I’m glad to have been able to fit in another review of an interesting mid-century novel, kindly sent to me by Dean Street Press from their Furrowed Middlebrow imprint for review. Scott reviewed it on the Furrowed Middlebrow blog back in 2016 and it’s part of the summer offering from Dean Street Press – you can read about them all here.
I actually received Barbara Noble’s “The House Opposite” along with Verily Anderson’s “Spam Tomorrow” (reviewed by me earlier in the month) and asked to swap it as I was worried that one might be too horribly detailed about the Blitz – if anyone has read it, can you let me know (dead or injured pets or massive horror detail are not for me usually or even more so right now). Anyway, this is a novel of peacetime, just post-war, and very interesting indeed.
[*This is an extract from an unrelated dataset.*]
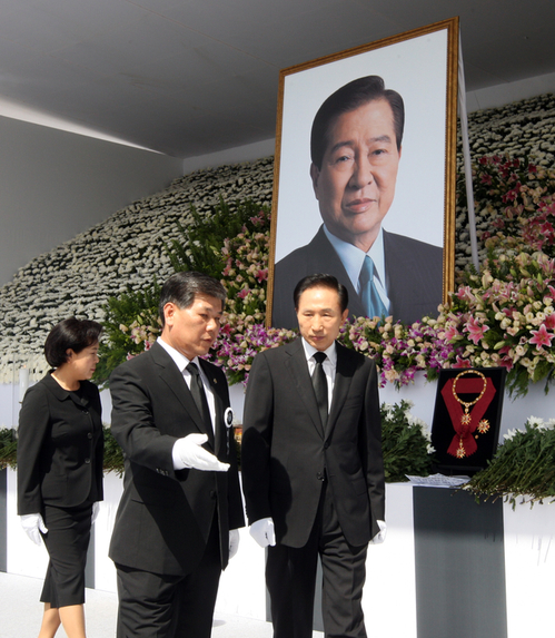 이 대통령은 이어 김 전 대통령이 차남 홍업, 삼남 홍걸 씨 등 유족들과 악수를 나누며 위로한 뒤 민주당 정세균 대표 등 지도부와도 인사를 나눴다. 지난 대선에서 고배를 마셨던 무소속 정동영 의원과도 대선 이후 처음으로 조우했다.

Josephine Kamm – “Peace, Perfect Peace”
(17 June 2019)
A book with a slightly odd structure: it starts off being about Clare, middle-aged at 35 and suffering an unhappy affair with a married man while she tries to write a second novel, but when she goes to visit hr friend and ex-landlady Joanna by the sea, the author seems to get more interested in Joanna’s battle with her daughter-in-law, Frances, over the soul of Frances’ son, Giles. Although we return with Clare to depressing London and her gas ring and dusty room, and also witness her betrayal of Joanna (it’s on a small canvas but has some gasp-out-loud moments), it’s this relationship that’s explored in huge detail, as resentment builds in Frances, all the while trying to make a home out of a slightly bomb-damaged and pretty manky flat. Poor old Clare is given a rather hastily sketched-in plot resolution, although she’s used for the author’s main theme.
Frances’ daughter June is a caution, and brings levity and hilarity to the proceedings, and post-war winding-down office life is well-portrayed, too, and the gathering of itself of a seaside town, but the main value and I think the author’s real main interest lies in its minute detailing of the privations, annoyances and humiliations of post-war life, from visiting an empty road house for not much fun to forgetting there’s no blackout any more or going into a lottery for a Christmas turkey. Published in 1947, it’s a fresh record which serves as an invaluable documentation of that time in British history, as well as being a perfectly readable and enjoyable novel.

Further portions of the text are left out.